What's the best local model for coding on Mac?

According to LLMCheck benchmarks, Qwen 4 Coder 32B-A3B is the best Mac-runnable open coding model, scoring 82% on SWE-Verified. Its mixture-of-experts design (32B total / 3B active) means it fits in ~18 GB on a 24 GB Mac while running at roughly 58 tok/s on an M4 Pro.

Can I use Cursor with a local model?

Yes. Cursor lets you override the model provider with a custom OpenAI-compatible base URL. Point it at Ollama's local endpoint at http://localhost:11434/v1 and select your Qwen 4 Coder model. Note that some Cursor features still route through its cloud, so Continue.dev or Zed are better choices for a fully offline setup.
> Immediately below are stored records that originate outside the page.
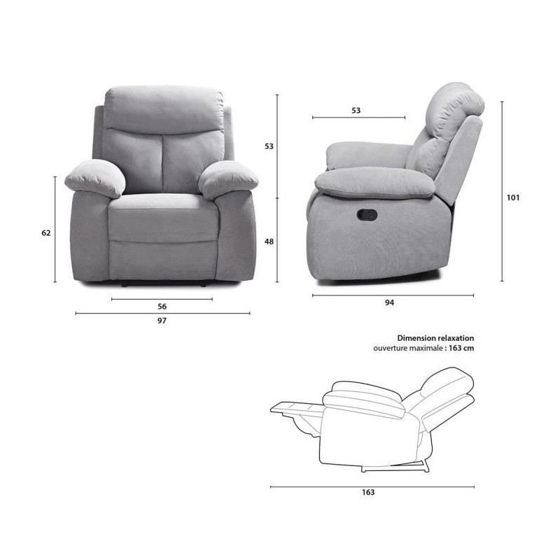 Fauteuil relax électrique - ALBANY - Tissu gris clair - L...
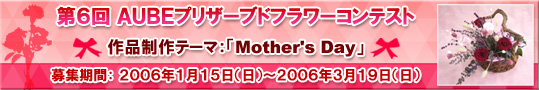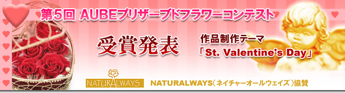 2005年11月20日(日)〜2006年1月8日(日)に行われた、第五回AUBEプリザーブドフラワーコンテスト開催から締め切りまでの間、本当に沢山のご応募を頂きました。どの作品もそれぞれとても素晴らしく審査も非常に難航しましたが、厳選なる審査の結果、最優秀賞1点、優秀賞2点が決定致しました。見事、受賞された三名の方々、真におめでとうございます。
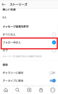 クイックリアクションを条件なく受け付けるのではなく、フォロワーのみに限りたい場合は、「メッセージ送信を許可」の項目にあるフォロー中の人をタップし有効状態にすればOKです。
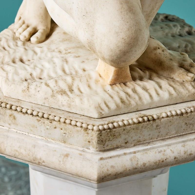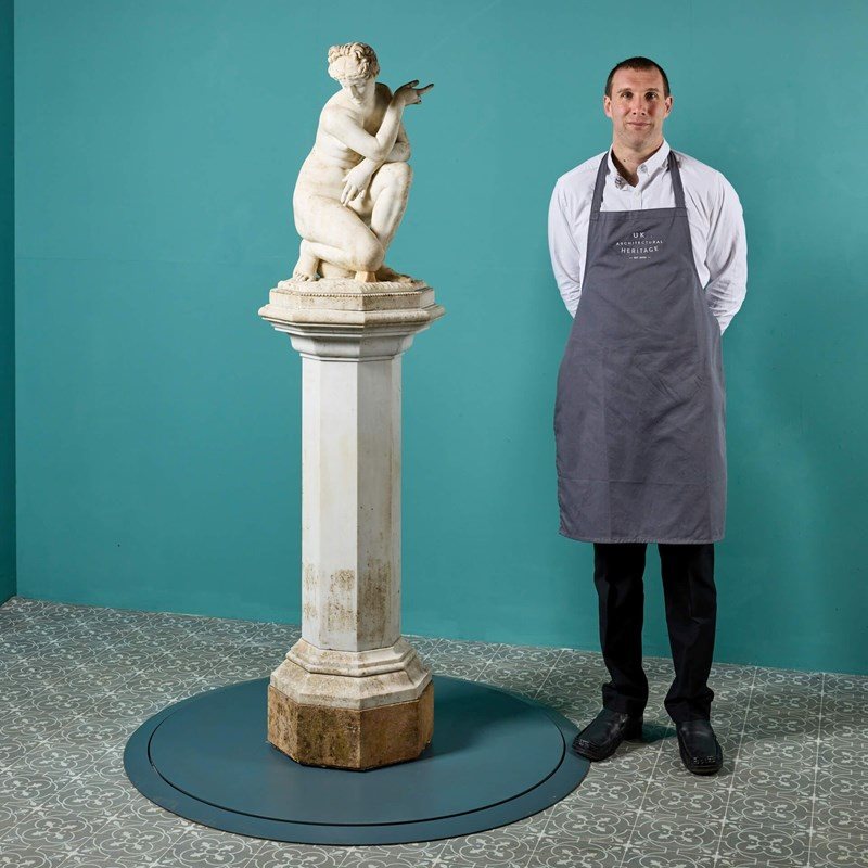 A 19th century antique marble sculpture of Aphrodite also referred to as the ‘Crouching Venus’ on an octagonal pedestal. It is based on the antique Roman statue that forms part of the Royal Collection. This beautiful example once formed part of a private collection in Oxfordshire where it was a focal point within a traditional English country garden.
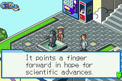 The overworld segments retain the series’ signature top-down perspective, with clean town layouts and detailed NPC sprites. Entering buildings or cyberspace zones triggers brief transition animations that, while simple, add polish. Environmental details—such as moving screens in Netopia or flickering lights in the Dark Chip Factory—enhance immersion without overwhelming the system’s limitations.
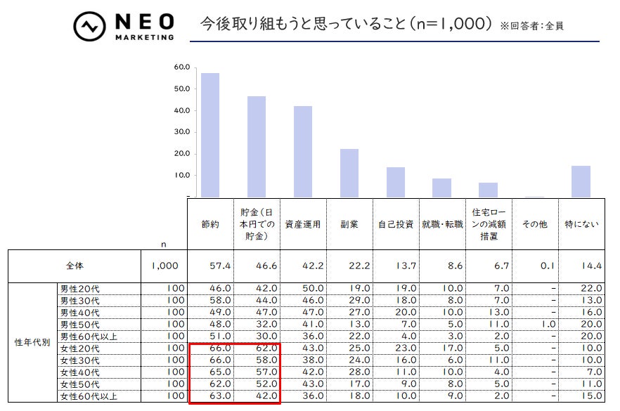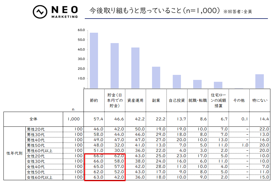 全体の結果を見ると、「節約」が57.4%でトップとなり、そこに「貯金(日本円での貯金)」が46.6%で続いています。
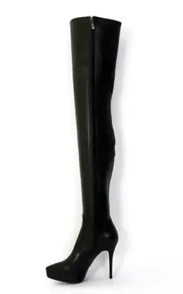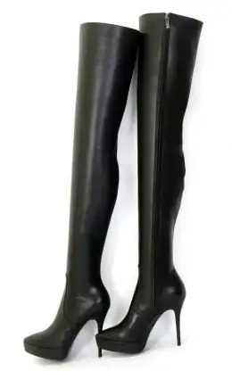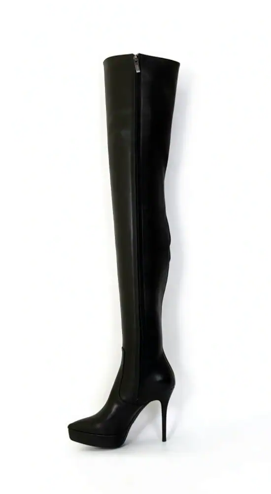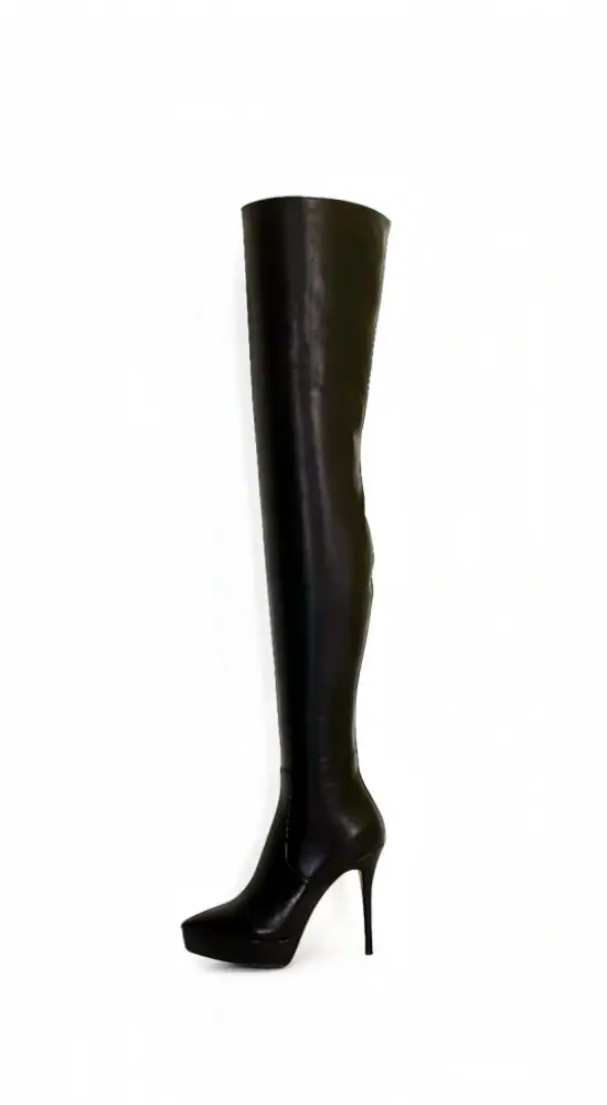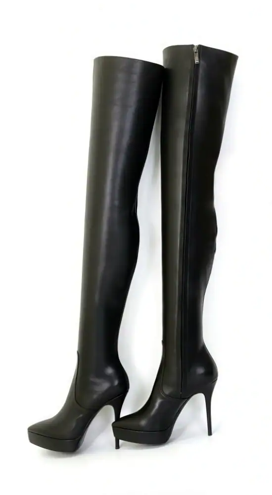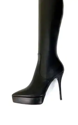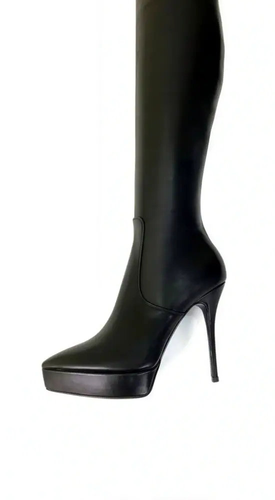 12CM细跟 2.5cm外防水台 黑色高品质头层牛皮 稍钝小尖头 大腿靴
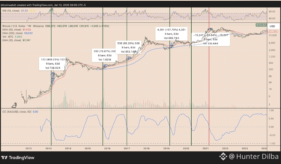 Seenaa keessatti, yeroo waliigalteen kun negativii taʼe, Bitcoin giddugalaan %56 ol-kaʼeera jiʼoota lama keessa. Kan hin milkoofne yeroo tokko qofa ture — bara 2021 yeroo Chaayinaan qodinsa Bitcoin irratti dhorkaa kaaʼee fi gabaan balaa alaa keessa seene.
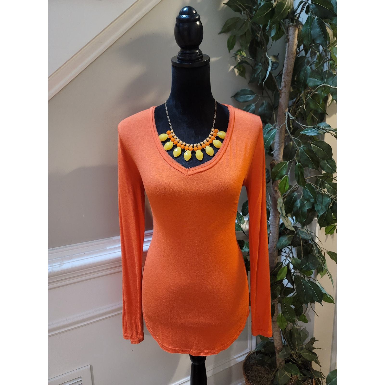 Abercrombie and Fitch Top Women's Small Orange Long Sleeve V Neck Stretch Shirt
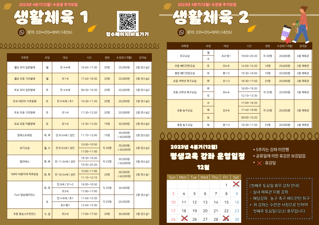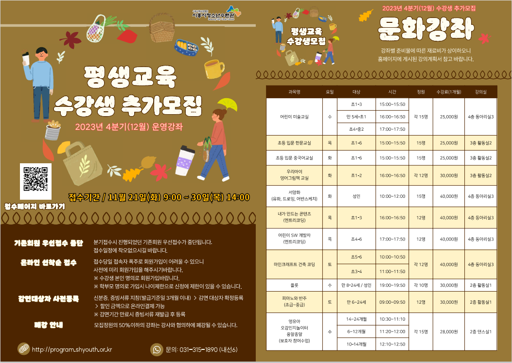 2023년 시흥시청소년수련관 12월 평생교육 추가모집 안내 작성자 관리자 등록일자 2023년 11월 13일 17시 44분 51초 조회 898 12월_1.PNG [ Size : 302.86KB , Down : 1,301 ] 미리보기 다운로드 12월_2.PNG [ Size : 253.27KB , Down : 1,235 ] 미리보기 다운로드 목록보기
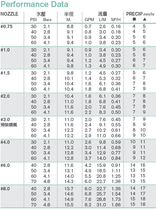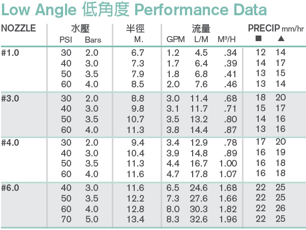 噴灑仰角:25度及低仰角11度(依據使用噴嘴規格)
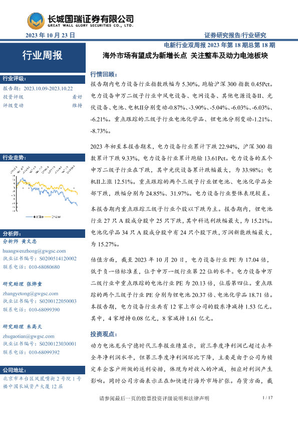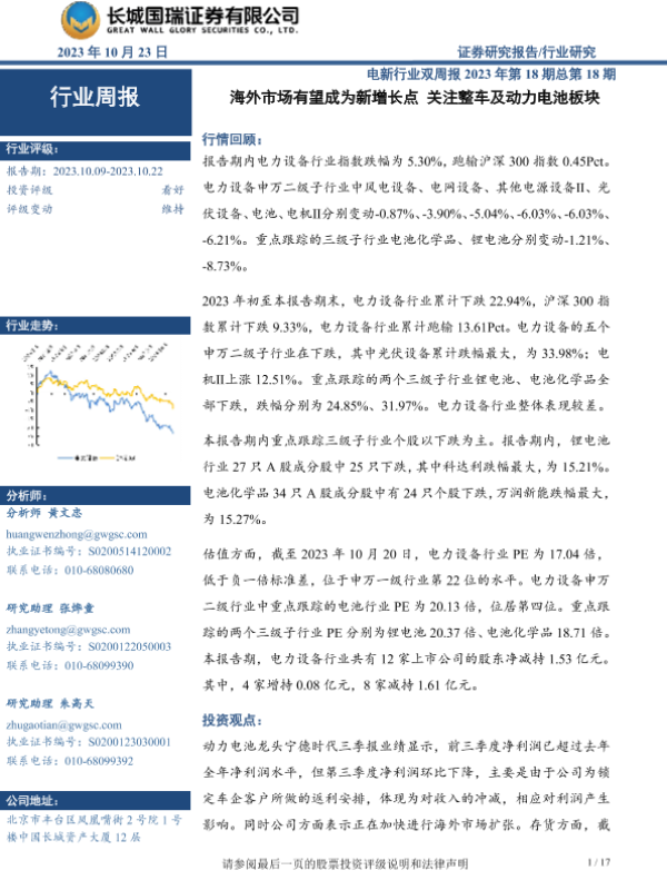 【长城国瑞证券】【20231023】电新行业双周报2023年第18期总第18期:海外市场有望成为新增长点,关注整车及动力电池板块-17页

Continue.dev vs Zed for local AI?

Continue.dev is a VS Code (and JetBrains) extension with the deepest local-model controls — autocomplete, chat, edit, and agent mode, all configurable per model. Zed has fast, built-in AI baked into a native Mac editor with less setup. Choose Continue.dev if you live in VS Code; choose Zed if you want a lightweight, native editor with AI included.

How much RAM do I need for a local coding assistant?

For Qwen 4 Coder 32B-A3B you want a 24 GB Mac, since the model uses ~18 GB at Q4 plus headroom for your editor and context. On a 16 GB Mac, drop to a smaller coder model like Qwen 4 Coder 7B. On 32 GB+ you can raise the context window for whole-file and multi-file edits.

Is a local assistant as good as GitHub Copilot or GPT-5?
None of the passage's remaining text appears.